Defending Indigenous Lands and Waters in Honduras: The Case of Rio Blanco

Defending Indigenous Lands and Waters in Honduras: The Case of Rio Blanco
Sunday, 15 September 2013 13:07 By Beverly Bell and Tory Field, Other Worlds | Harvesting Justice Series

On September 12, Berta Caceres, Tomás Gomez, and Aureliano Molina, leaders of the indigenous Lenca organization Council of Popular and Indigenous Organizations of Honduras (COPINH) must appear in court. Their charges? Usurpation of land, coercion, and causing more than $3 million in damages to DESA, a hydroelectric dam company. Berta, the general coordinator of COPINH and an internationally recognized social movement leader, is also facing separate charges of illegally carrying arms “to the danger of the internal security of Honduras.”

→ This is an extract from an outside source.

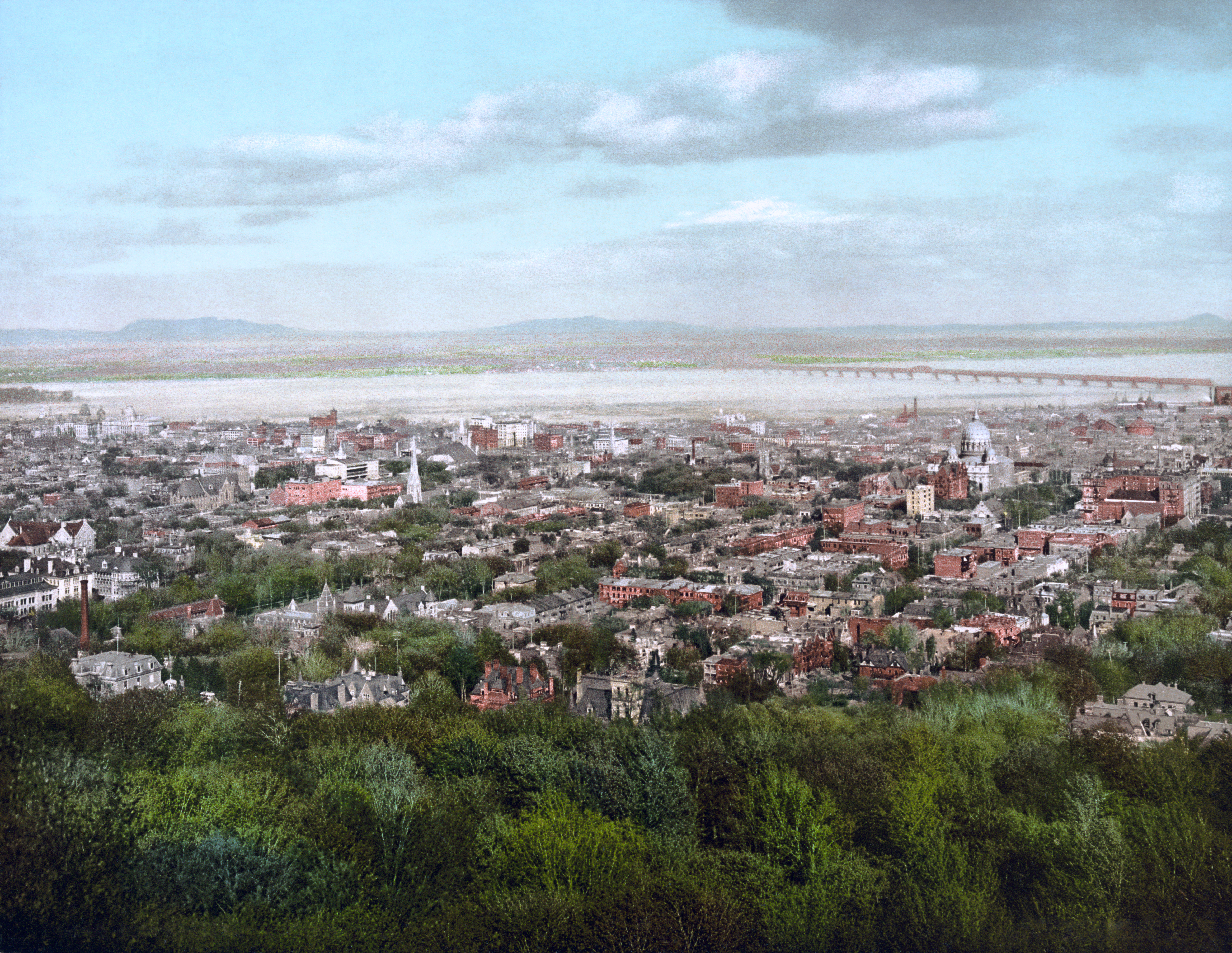 Montreal from Mount Royal. Detroit Publishing Co. no. "53860" 1902

The Honduran-owned and foreign-financed company has been attempting to build a dam on the sacred Gualcarque River in the Lenca community of Rio Blanco. Community members have blockaded the road against the company, thwarting the dam’s construction, for over five months.

The charges brought against the three indigenous rights defenders are part of a strategy of physical, legal, and political suppression by the Honduran government and industries to break indigenous resistance to mining, damming, logging, and drilling. The exploitation of indigenous lands, and the riches upon them, are being imposed without the communities’ consent. This is in violation of the Honduran constitution and of Convention 169 of the International Labor Organization which requires free, prior, and informed consent by indigenous peoples before anything can be built on, or taken from, their lands.

Indigenous communities that are part of COPINH alone have well over a dozen extraction concessions upon them. Dozens more are advancing throughout the country. All were approved by laws passed by an unconstitutional congress that was voted in under an illegal government that took power in a 2009 coup d’etat. The US government was firmly behind the coup.